Captive or Captured Agency
Probably the most well known type of agent, the captive or captured agent represents only one company. A typical example would be an Allstate or State Farm agent although there are many more. This agent signs an agreement with the company that they will not represent any other insurance companies without written permission provided by the company they represent. Some captured agents do gain access to other companies but only for providing products that their flagship company will not offer. These agents have a local brick and mortar presence in their communities and invest substantial capital to open their office. The captured agent is at somewhat of a disadvantage in the marketplace because they have no control over products or pricing. They typically can offer most any type of product required but in most cases, all customers must fit in a cookie-cutter mold and it’s a take it or leave it conversation. The captured agent is more inclined to offer risk management services since they offer most every type of product needed. The consumer can visit their offices anytime and they are active in their community. The captive agent can access resources provided by their company so that if they
are uncomfortable presenting a certain product, the company will typically send in someone who is very familiar with the product to assist in the presentation. Many of the major carriers have moved toward an emphasis on financial products and expect their agents to become very familiar with these as well.

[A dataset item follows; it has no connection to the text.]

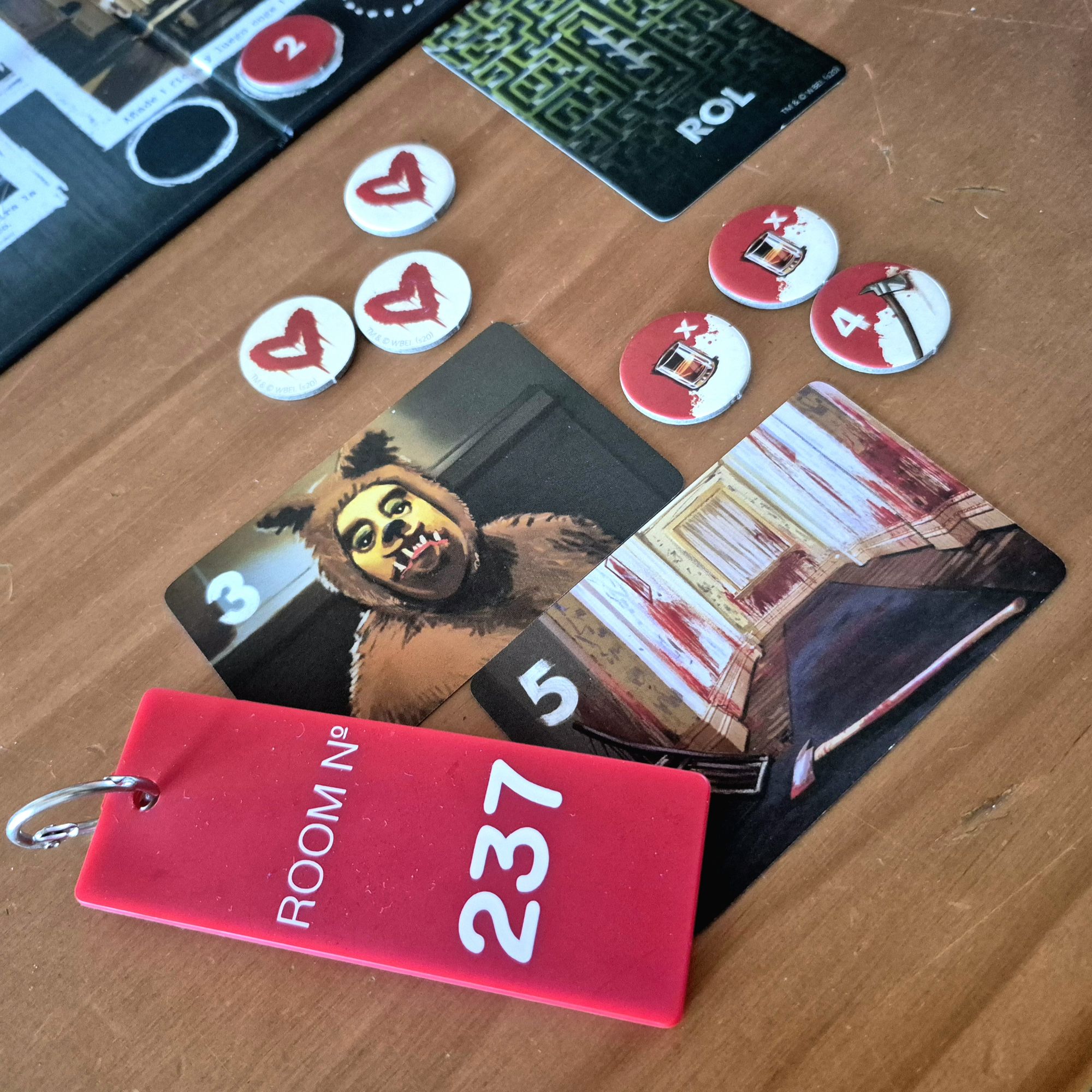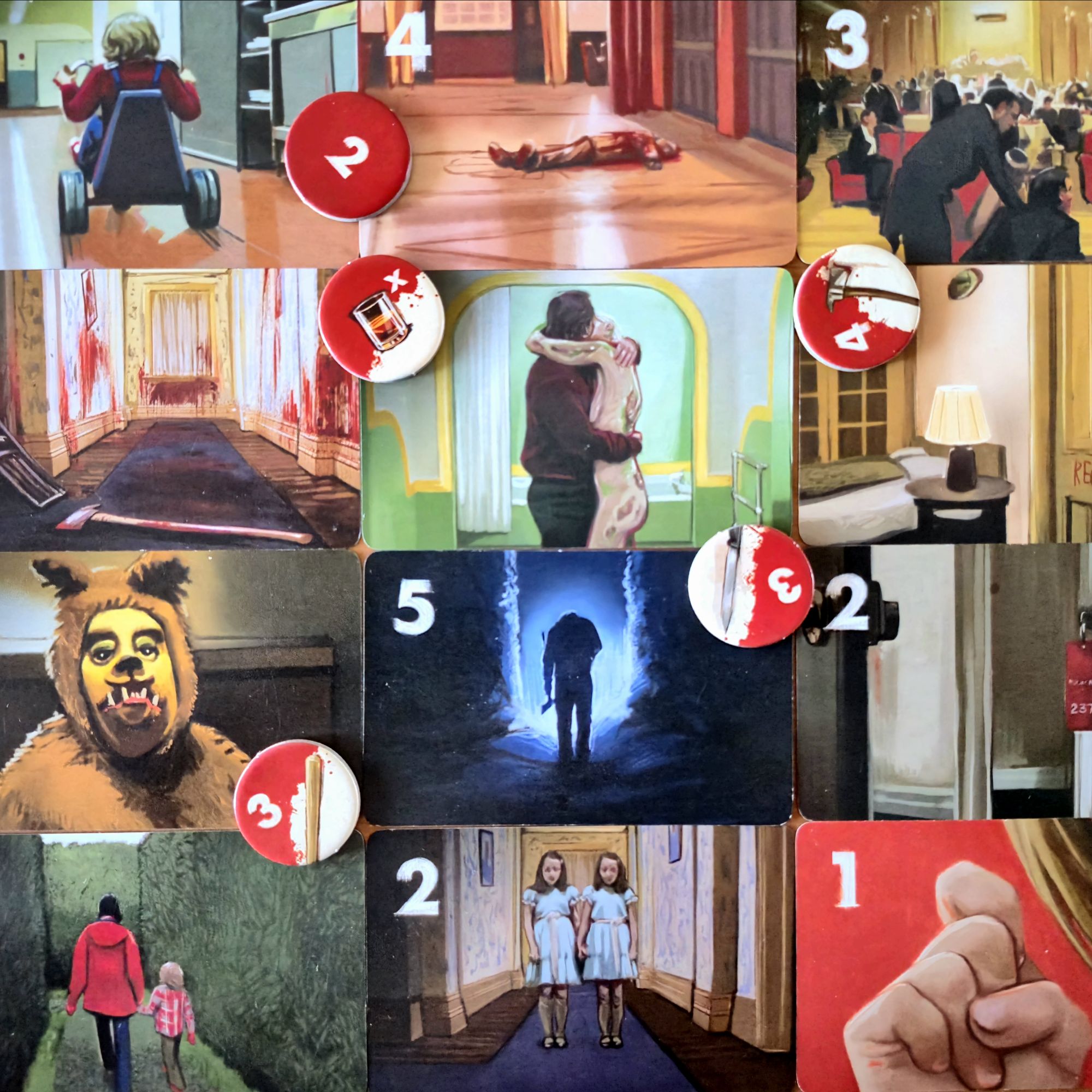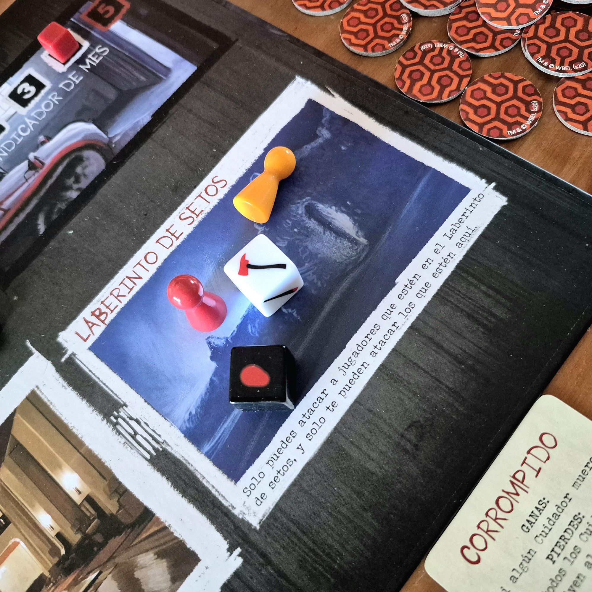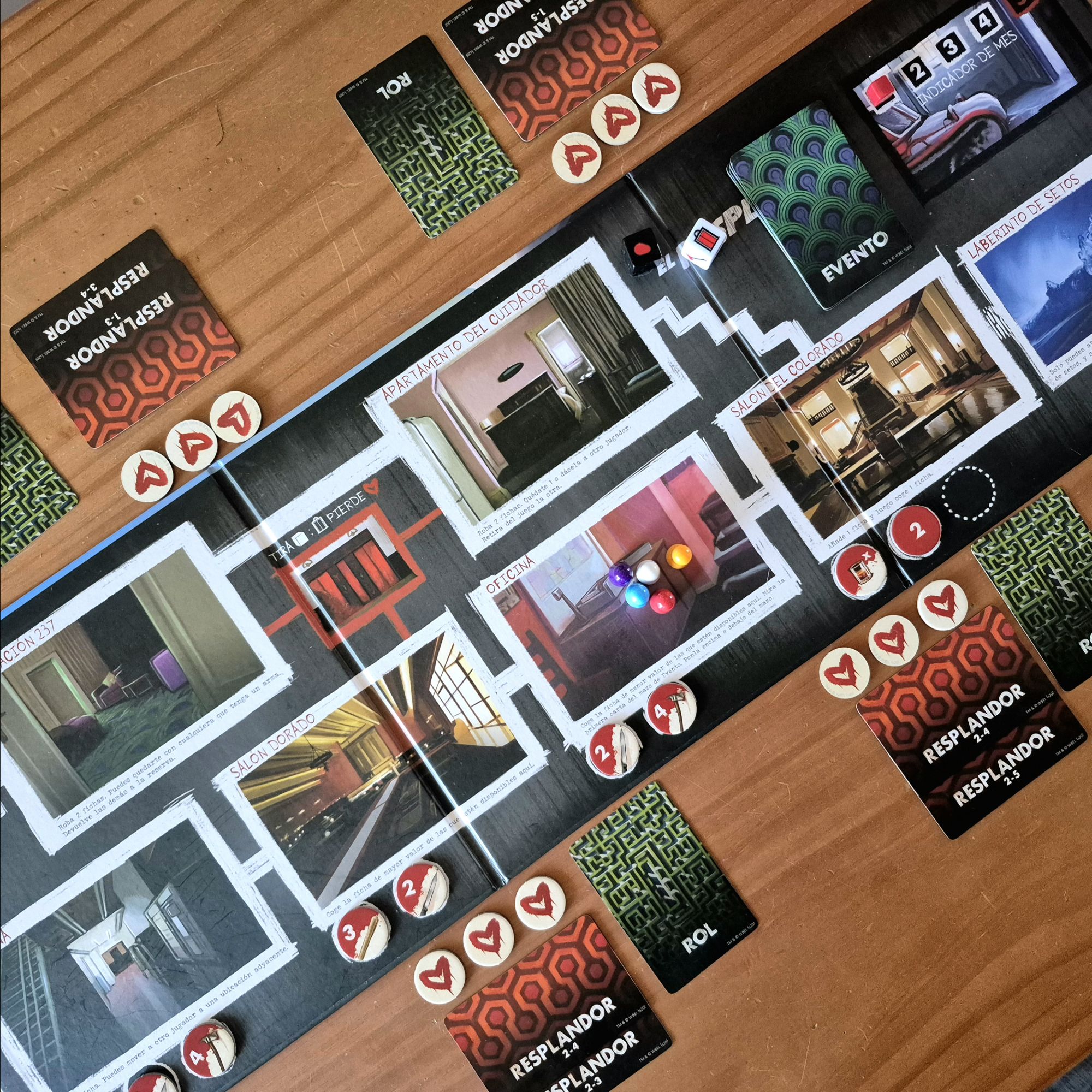 Empecemos por decir que no es el juego más ligado a su temática. El Resplandor está ahí, aunque bastante diluido. Su producción, lograda pero no descollante, hace un buen trabajo al meternos en el film de Kubrick y creo que es todo lo que necesita. Los juegos muy temáticos tienden a complejizarse, y no era necesario acá. El turno es simple: mover el peón y hacer lo que indica el casillero. La estructura se repliega para que el protagonismo lo tome la discusión, la charla.

Broker or Independent Agency
Agents that represent multiple insurance companies are referred to as brokers. These agents are always licensed and may or may not have a brick and mortar office. They are at an advantage since their insurance carriers are actually competing for their business. Typically, a broker will provide a wide range of products with many companies to choose from. This translates into an advantage for their customers. For example, if they have placed your auto insurance business with Company A whom then takes a large increase, they can simply re-write that policy with Company B who is more competitive. The independent agency has much more control over their business compared to the captured agent which can result in better rates and larger product availability for their customers. They are also usually more knowledgeable about products and the marketplace since they are getting information from many different sources instead of just one company. The consumer may benefit greatly by accessing a reputable insurance broker through better pricing, larger product selection and risk management services.
The type of agent a consumer chooses should be based on their current and future needs. It makes much more sense to establish a trusting relationship with an agent or broker that can meet all your insurance needs and can act as a risk manager rather than an order taker.